1. Executive summary
AI Mirror turns an invisible acquisition risk into visible evidence: what AI systems say when buyers ask who to choose.
The immediate business is a productized audit. The audit asks real buyer prompts across AI systems and returns screenshots, visibility scores, competitor comparisons, incorrect claims, and fixes. The first customer should not buy software. They should buy certainty.
2. Core thesis
Search behavior is splitting. Buyers still use Google, but increasingly ask AI systems for shortlists, comparisons, alternatives, and recommendations.

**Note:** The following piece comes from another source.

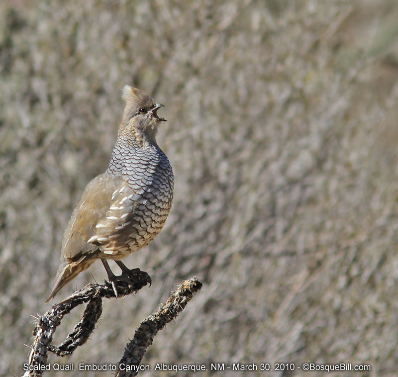 | Scaled Quail This little fellow was calling and calling. Looking for love, I imagine. | |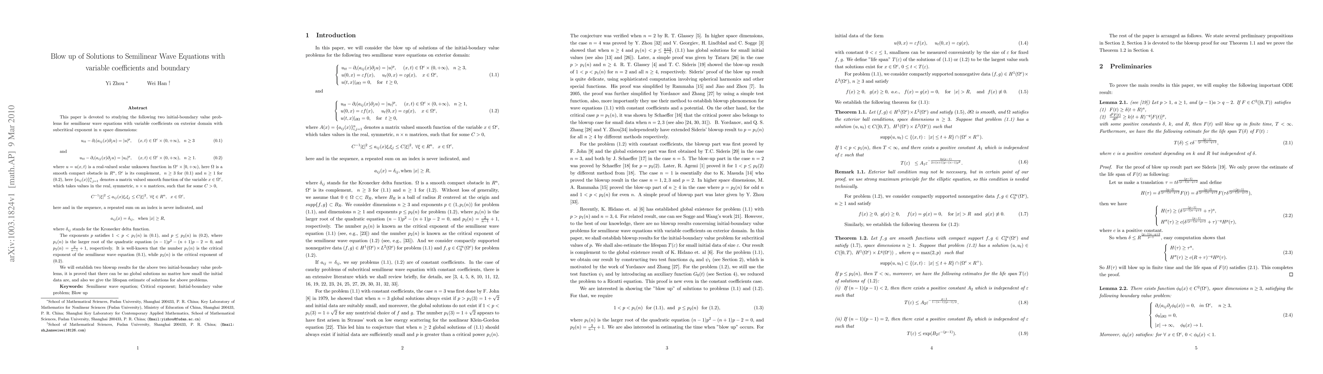 This paper investigates the blowup of solutions to semilinear wave equations with variable coefficients and boundary conditions in exterior domains. It establishes blowup results for two initial-boundary value problems, proving that no global solutions exist even for small initial data, and provides a lifespan estimate for the solutions.

When a buyer asks ChatGPT, “Which agency should we hire?”, the answer may become a hidden lead-routing event. If the AI recommends a competitor, the target company never sees the lost demand. No impression. No click. No attribution. Just absence.
Old world
Company competes for Google rankings, ads, referrals, review sites, and direct brand recall.
New layer
Company also competes inside generated AI answers, where the buyer may accept the shortlist without visiting ten websites.
First-principles breakdown
- Buyers need trusted shortcuts.
- AI systems provide compressed recommendations.
- Recommendations are shaped by public information, citations, brand clarity, category language, and source consistency.
- If a company is absent or misdescribed, it loses opportunities before the sales funnel begins.
- Companies will pay to see and reduce that invisible loss if the proof is concrete enough.
3. Market timing and signal
The category is early, messy, and full of bad language: GEO, AEO, AI SEO, LLM optimization. That is good for a wedge if the offer avoids jargon.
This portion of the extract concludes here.